The production, dark, handsome and slow-moving, could have been a convincing piece of high-class contemporary art in a very large museum space: an installation with performance and videos. The stage was black, and all we could make out, very dimly, at the start was a structure of steel curves at the back, picked out in slender white neons, with steel stairs. As the platform slowly rotated and the structure inched forward, as it would all evening, it turned out to be an impressively (bigly even) big cargo-ship's prow, smooth and steely grey, with bulb, some of it in section so we could see the bulkheads and decks, the full height of the proscenium: probably the most stunning single prop I've seen at the Bastille since King Kong's head and torso and glowing eyes in Warlikowski's Makropoulos. This was Boccanegra's world, and when not required to sing, he would spend much of his time there, motionless and brooding.

Verdi
The costumes were everyday "modern poor" or, for the nobs, suits and overcoats. The stage remained largely plunged in gloom. The lighting, like the sinewy neons, was stark and white, often from the footlights, and when the mob bayed for blood, banks of spotlights at the rear blasted through the set into the house - something audiences tend not to like and that people have complained of - indeed, a little old lady I know from Brussels matinees was grumbling about it in the foyer even before we went in, having heard about if from another little old lady who'd already been.
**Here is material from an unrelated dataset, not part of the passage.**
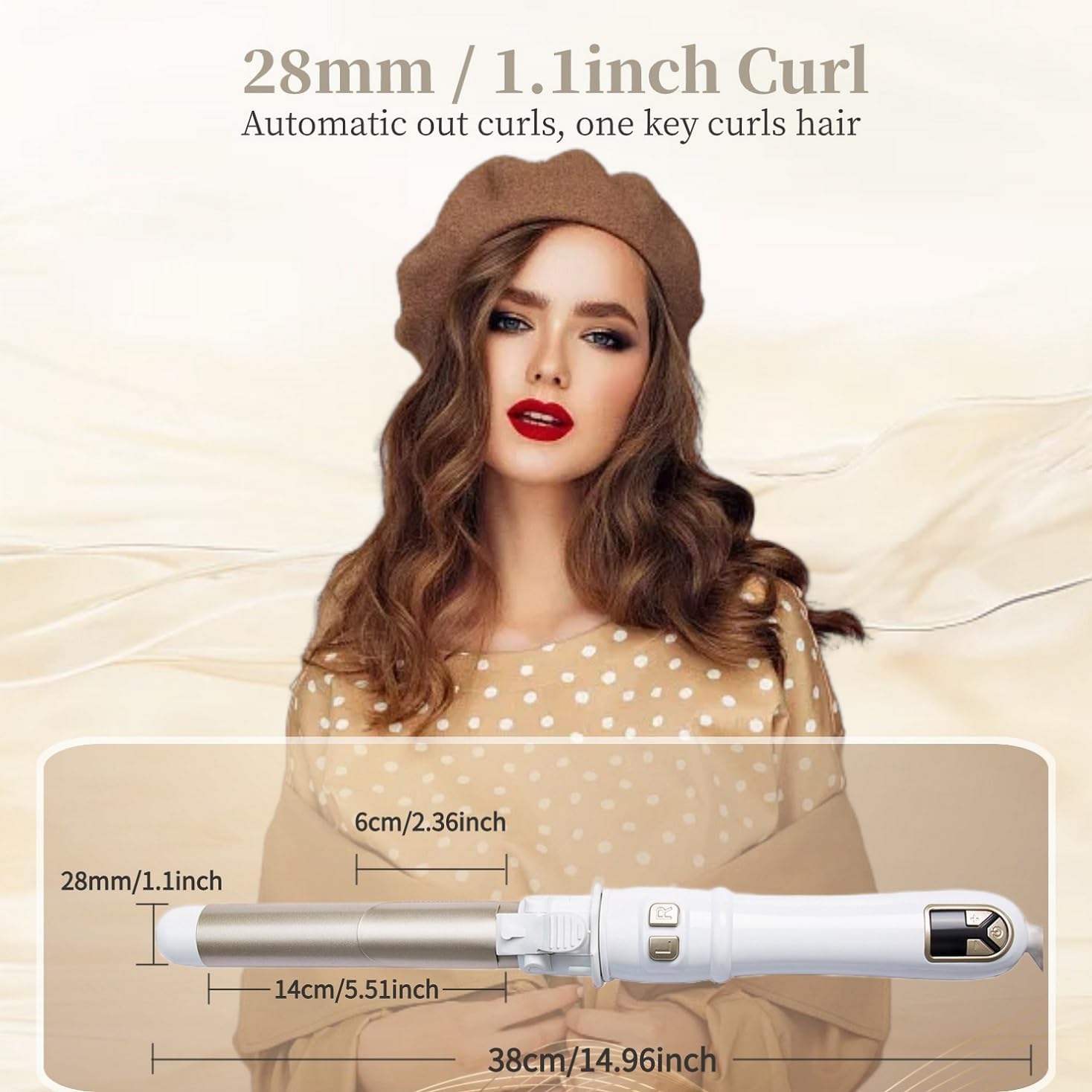 1.1 inch Automatic Curling Wand Rotating Curling Iron for Long Short Hair, Automatic Hair Curler with LED Display, Professional Hair Styling Irons Fast Heating

On stage, people - soloists or chorus - crept very slowly forwards, backwards or, on the ever-revolving platform, crablike, sideways. They neither met nor touched nor reacted to one another in any physical way, whatever went on in the libretto and score. This dramatic detachment has been much decried, although Tézier acted up a storm when required and trembled with palsy once poisoned, and the creepy Paolo mopped his brows nervously with a cloth dipped in a silver bucket he carried. Amelia's dead mother, Maria, dragged in initially by Fiesco on a plastic sheet, was on stage (or on the ship's decks) throughout, a mournful, ghostly presence in a ragged dress, sometimes half naked, and laid out fully naked in the video projected on the half-time curtain, with rats crawling improbably slowly, rather than scurrying, over her. The production videos, also black & white, were projected full-size at the rear: live, brooding close-ups of one of the principals as they stood on deck, immobile., or crouched in the bulkheads.

It was, as I wrote above, like a dark, handsome, convincing video-installation-cum-performance in a contemporary art museum. but you wouldn't have stayed there three hours. I sort of ended up finding it hypnotic, but from hypnotic to soporific is a short step, and I can understand how some people got very fed up with the ship, however grand a demonstration of the Paris Opera workshops' craft, crawling round and round in the dark.